Labour unrest in Nordic region hits outsourcing to India

December 10, 2009 10:29 IST

The ripples of inflexible labour laws and active labour unions -- which affected information technology outsourcing by European countries, especially France and Germany -- are now being felt in the Nordic region, too.

Recently, protests by the staff union forced Handelsbanken, a leading Swedish bank, to award the IT outsourcing contract to a local company after cancelling plans to award the contract to an Indian Tier-I vendor.

Handelsbanken had issued Request for Proposals (RfPs) for a contract to software vendors across the world to maintain its legacy mainframe systems and developing software applications, worth an estimated $100 million (around Rs 460 crore). Most Indian IT services companies, including TCS, L&T Infotech and Wipro, participated in the bidding process. The bank had even shortlisted two companies, including a Tier-I Indian software company.

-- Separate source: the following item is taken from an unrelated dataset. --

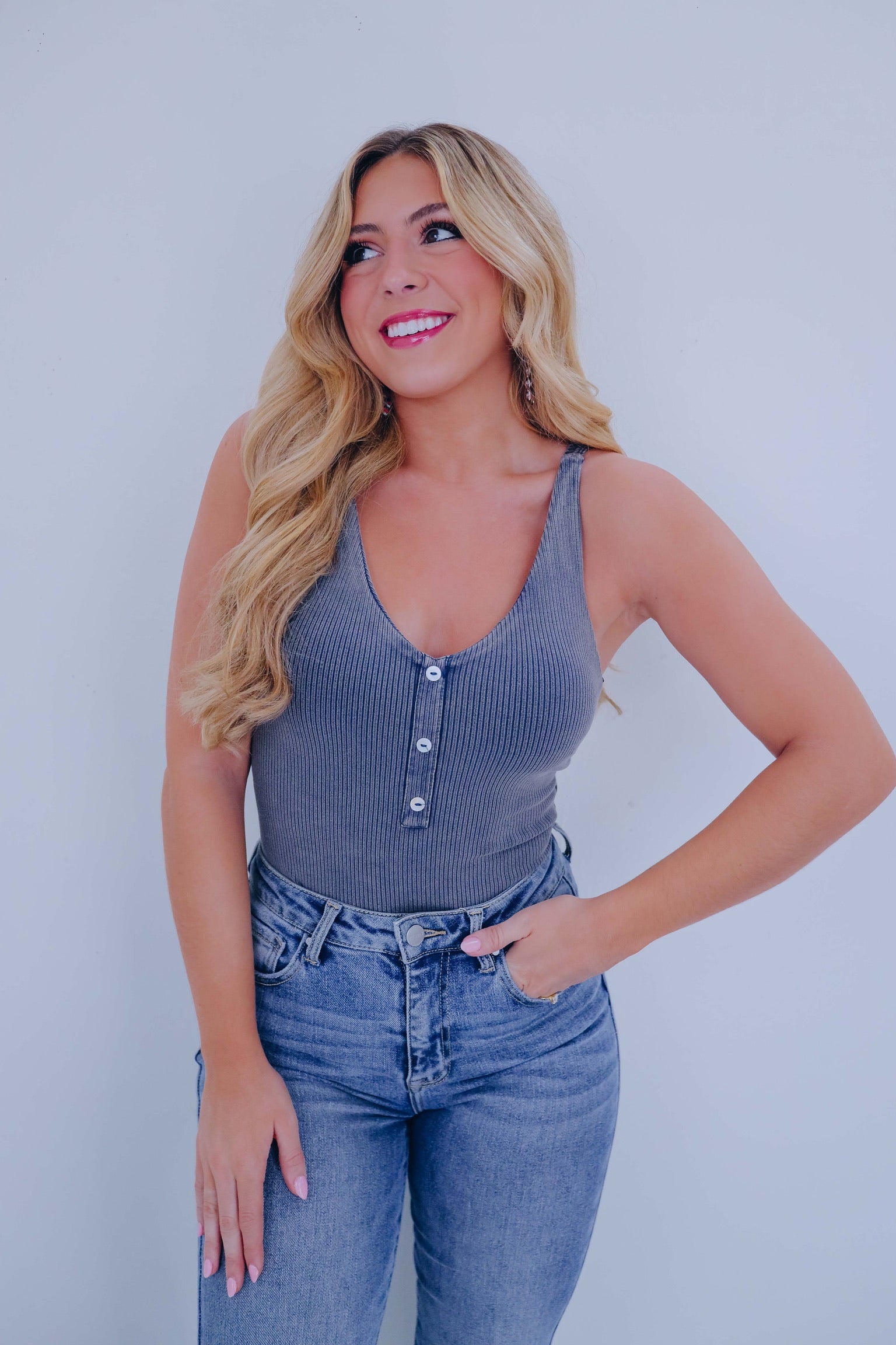 Henley Cross Back Strap Bodysuit - Washed Denim

"They had nearly awarded the contract to a Tier-I company in India. But the news leaked out to the labour union at the last minute and it created a lot of ruckus. Finally, the bank (Handelsbanken) ended up giving the contract to a local company, TietoEnator," highly-placed sources privy to the development told Business Standard.

The bank declined comment saying: "It is Handelsbanken's official policy to discuss contractual relationships only with the parties involved."

Most Indian IT services companies consider the Nordic region as one of the most preferred markets for IT outsourcing. Many enterprises in the Nordic region outsource work to offshore vendors because of the high costs and dearth of local IT firms.

Many companies in the Nordic region were actively looking at Indian IT outsourcing services provider to check growing costs, especially due to the global downturn. 

Wipro had to succumb to the labour unrest by announcing adequate compensation to its employees in Sophia Antipolis centre in France where the company planned to close down a division.